**EXERCISE**
Your task is to copy exactly the lines from the line containing "1.座椅高度︰調整高度時,人" through the end of the listing below, with pictures left out.

**DATA FOR REVIEW**
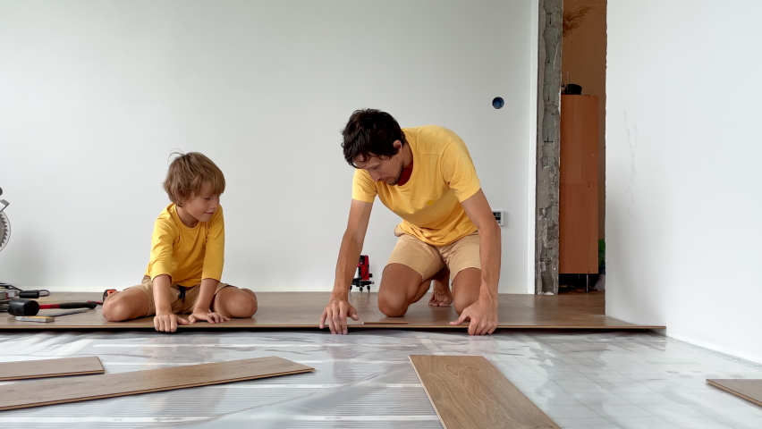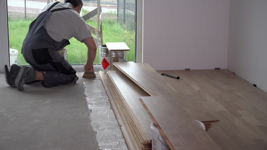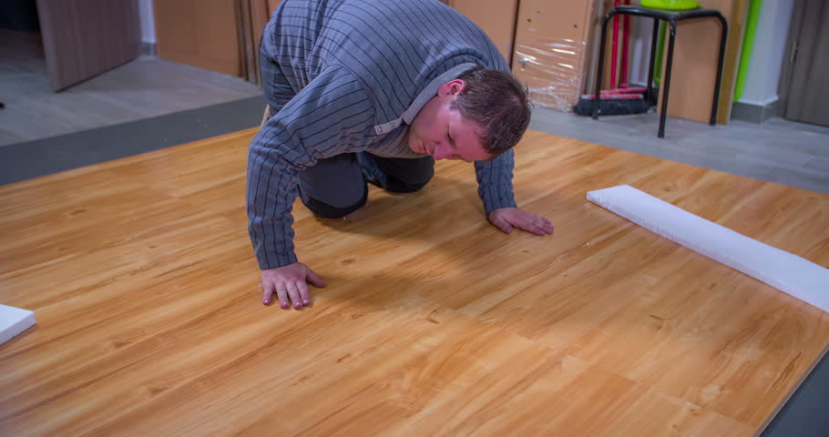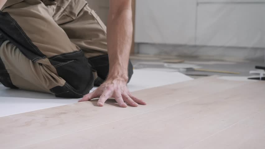 skilled repairman in coloured jumpsuit checks brown wooden laminate on floor against tile close view
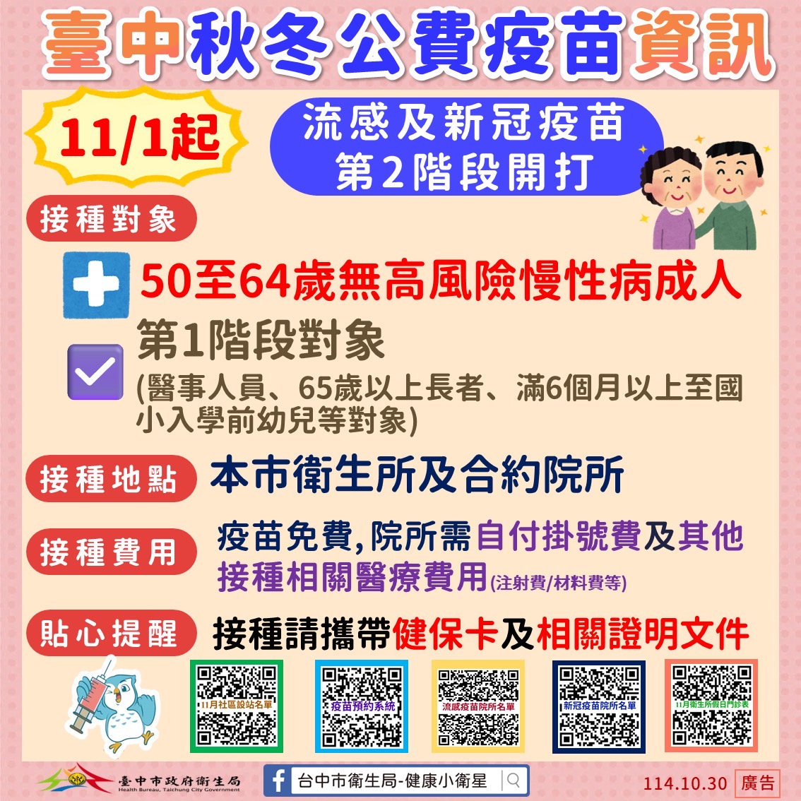 114年11月1日起,開放50歲以上民眾施打流感疫苗,歡迎符合資格民眾前來接種~
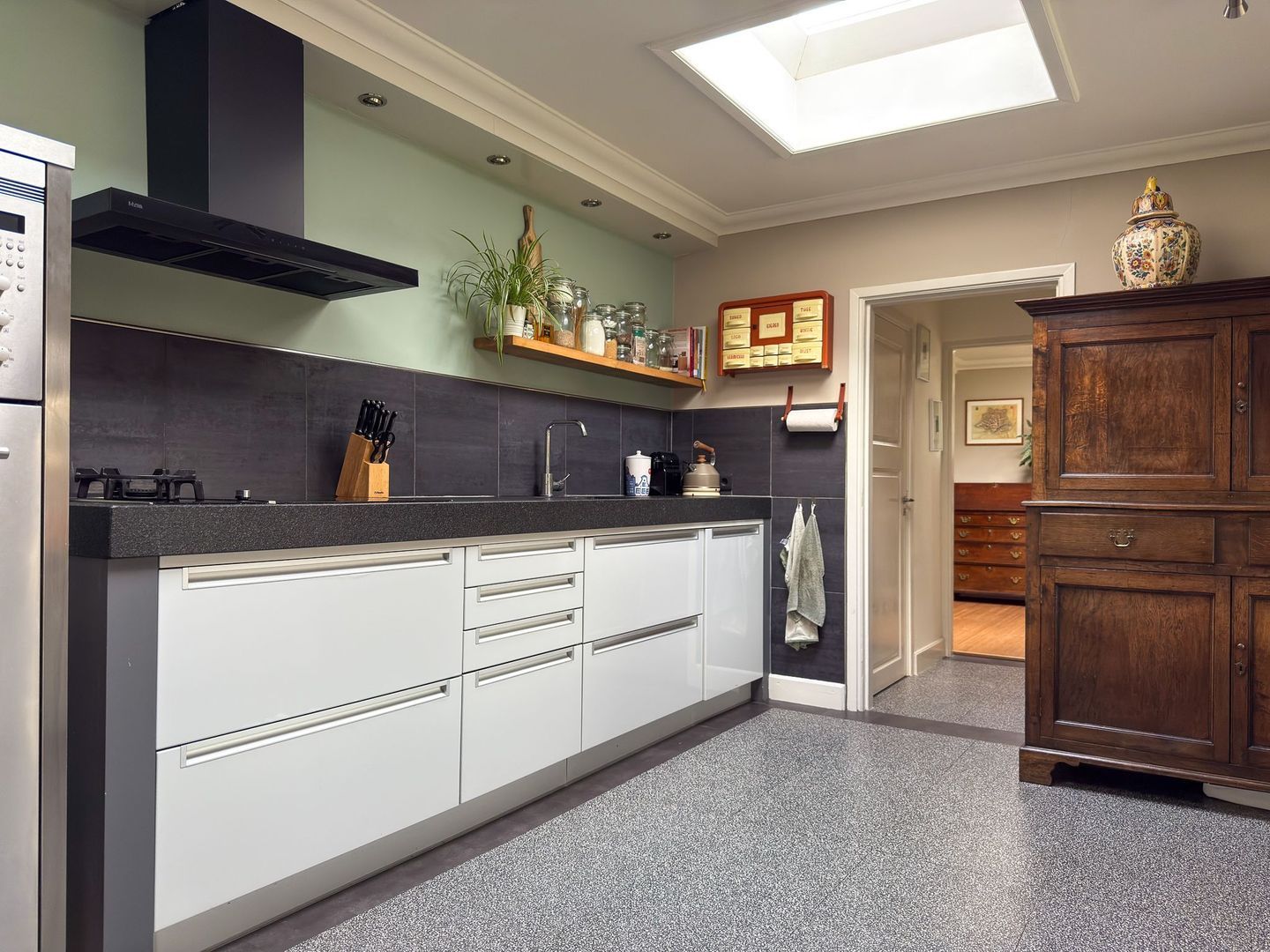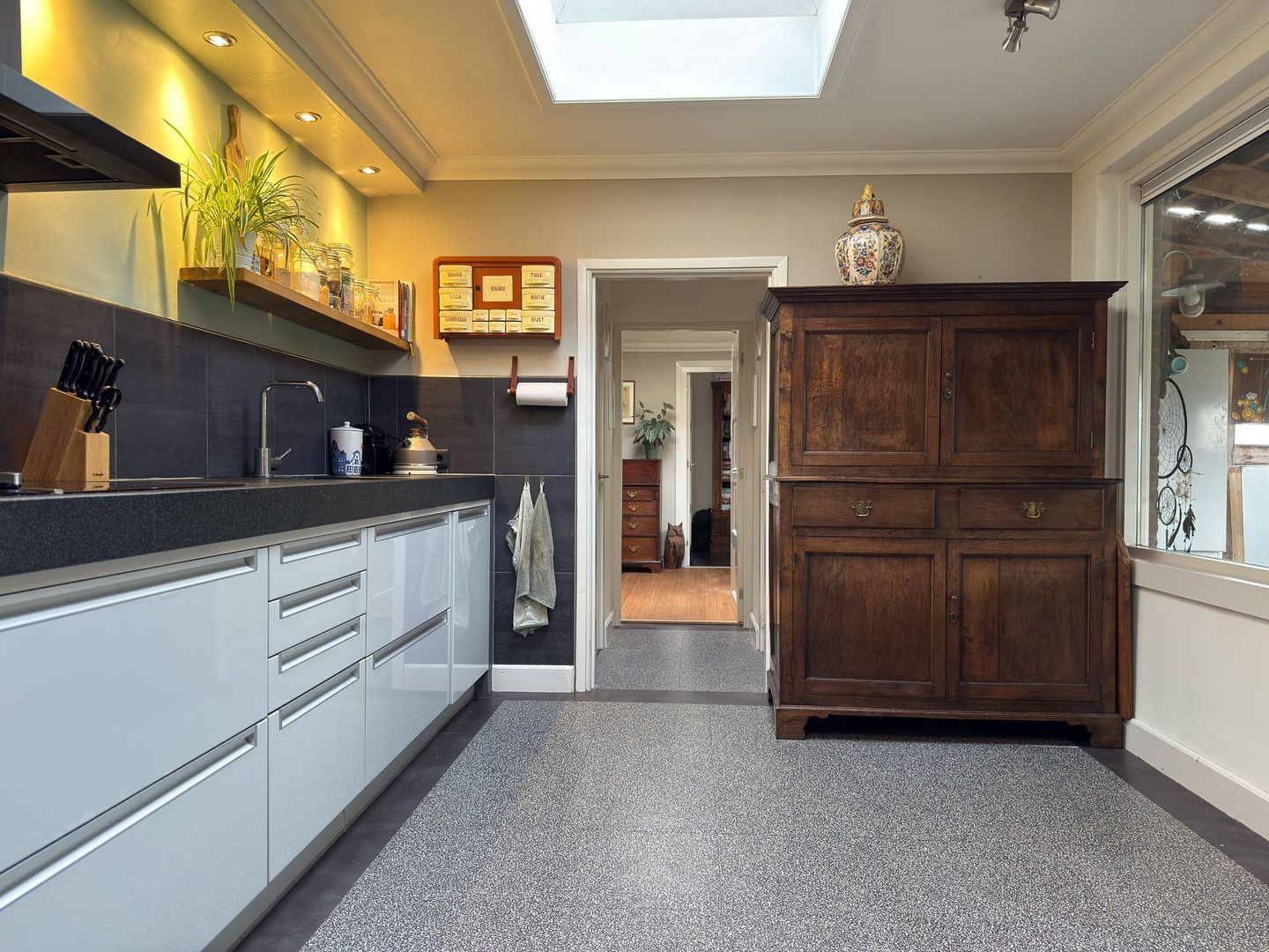 Vanuit de woonkamer loop je door naar de lichte keuken, die is voorzien van twee lichtkoepels. Achter de keuken bevindt zich een tweede hal met het toilet en een apart washok met aansluitingen voor wasmachine en droger. Vanuit de keuken heb je toegang tot een van de aangebouwde overkappingen aan de woning en de achtertuin.
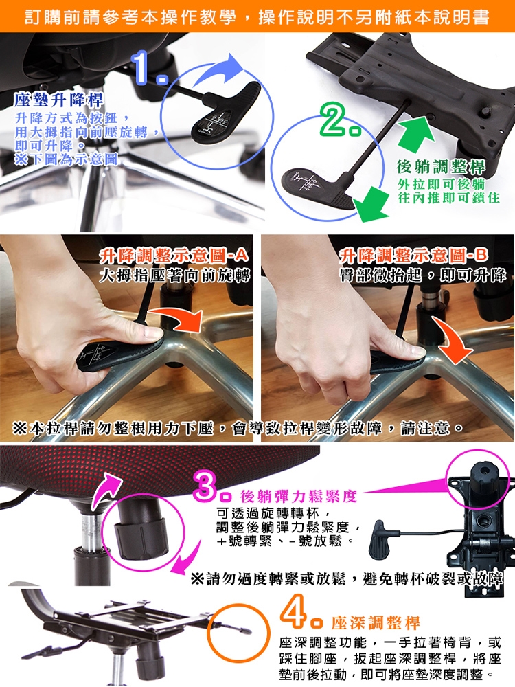 1.座椅高度︰調整高度時,人請先離開座墊,在將拉桿向前旋轉下扳,即可將座墊昇起,若需調降高度,人則需坐在座墊上,在將拉桿下扳,透過身體重量,座面高度即可下降。
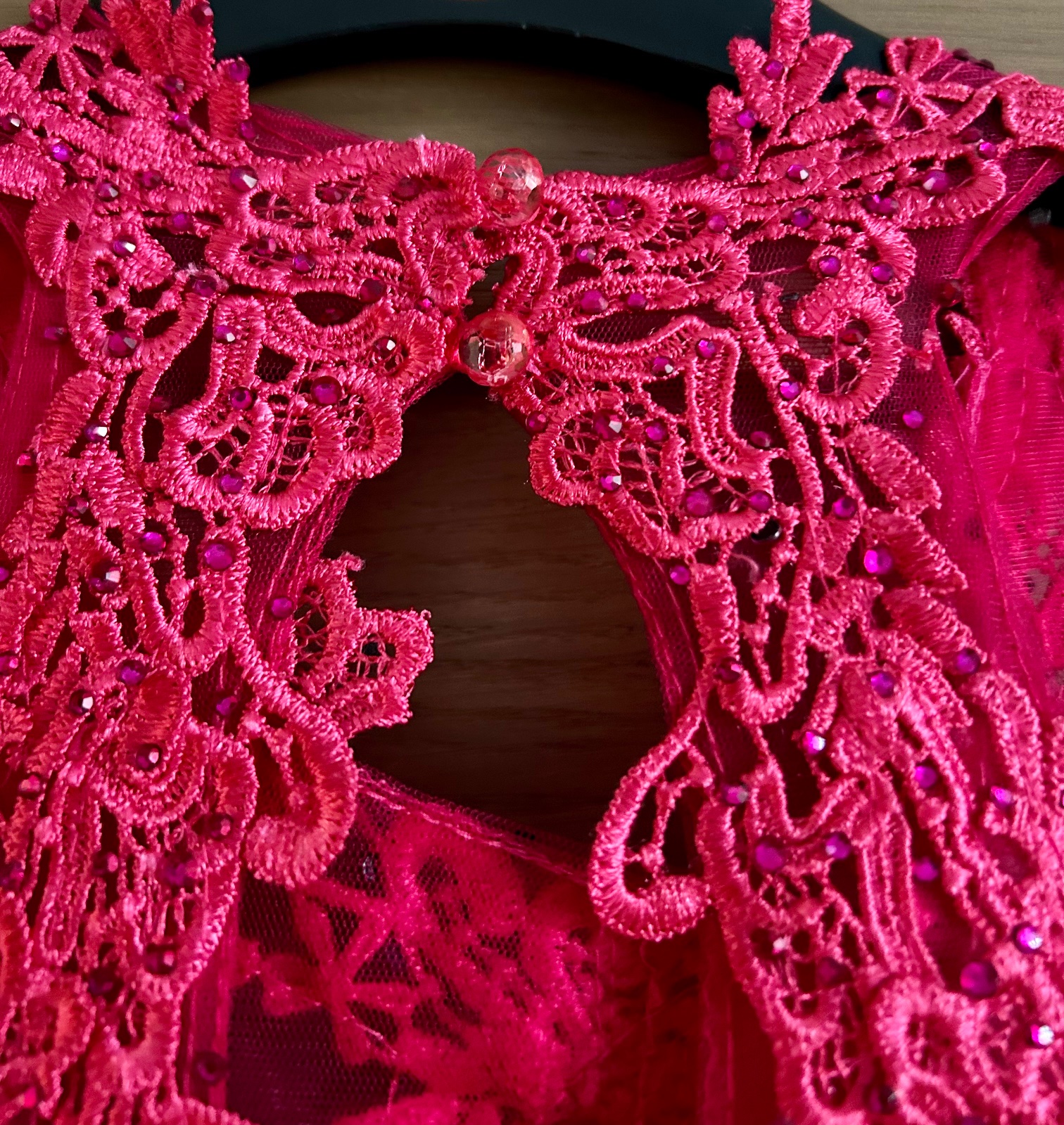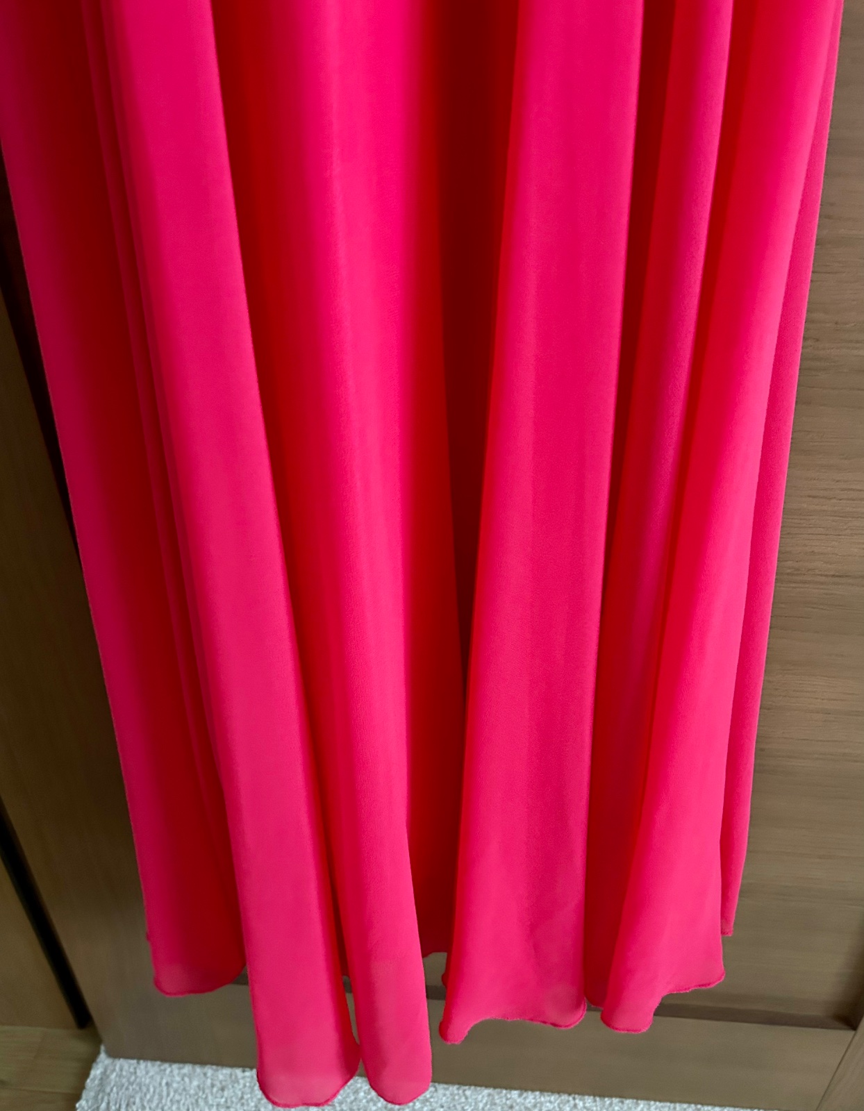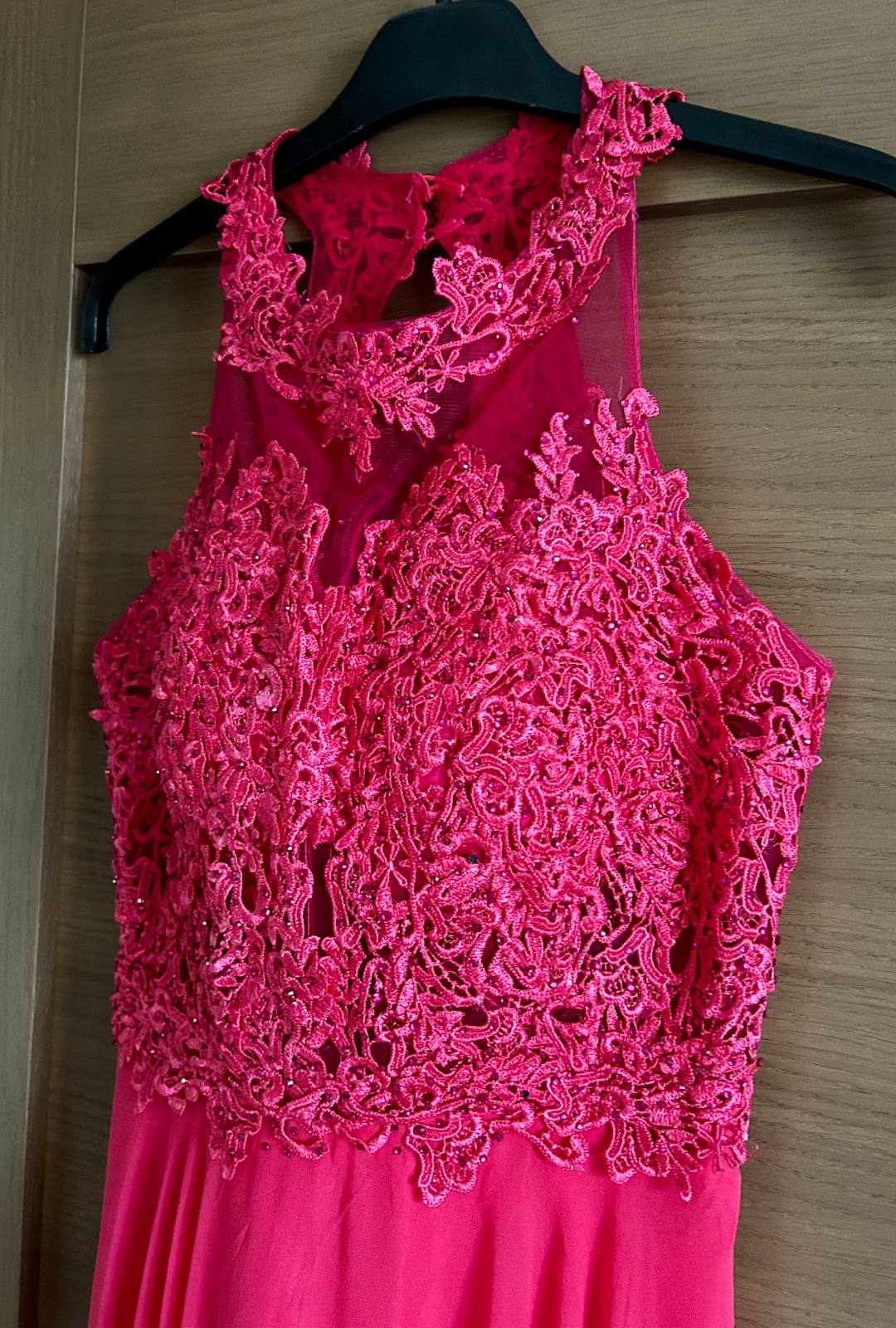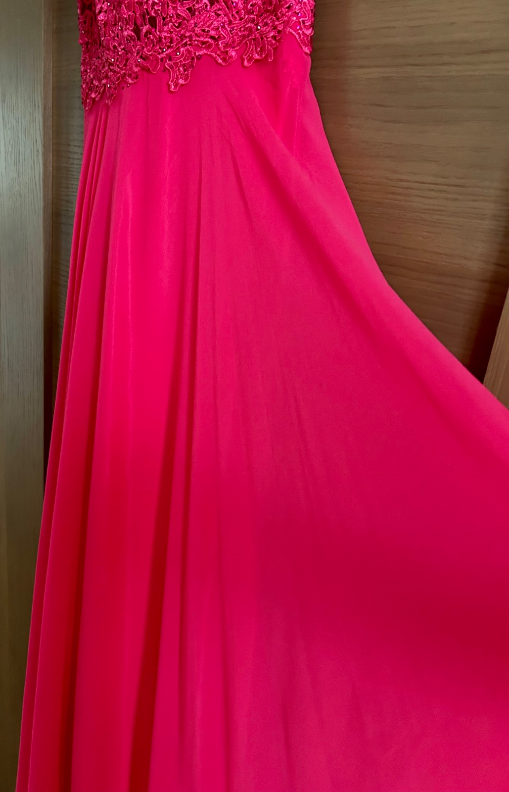 Dĺžka celková 157cm, šírka pod pazuchami 38cm. Vrchná časť elastická, poddajná. Šaty sú ľahučké, podšité saténom.

**RESULT BELOW**
 1.座椅高度︰調整高度時,人請先離開座墊,在將拉桿向前旋轉下扳,即可將座墊昇起,若需調降高度,人則需坐在座墊上,在將拉桿下扳,透過身體重量,座面高度即可下降。
 Dĺžka celková 157cm, šírka pod pazuchami 38cm. Vrchná časť elastická, poddajná. Šaty sú ľahučké, podšité saténom.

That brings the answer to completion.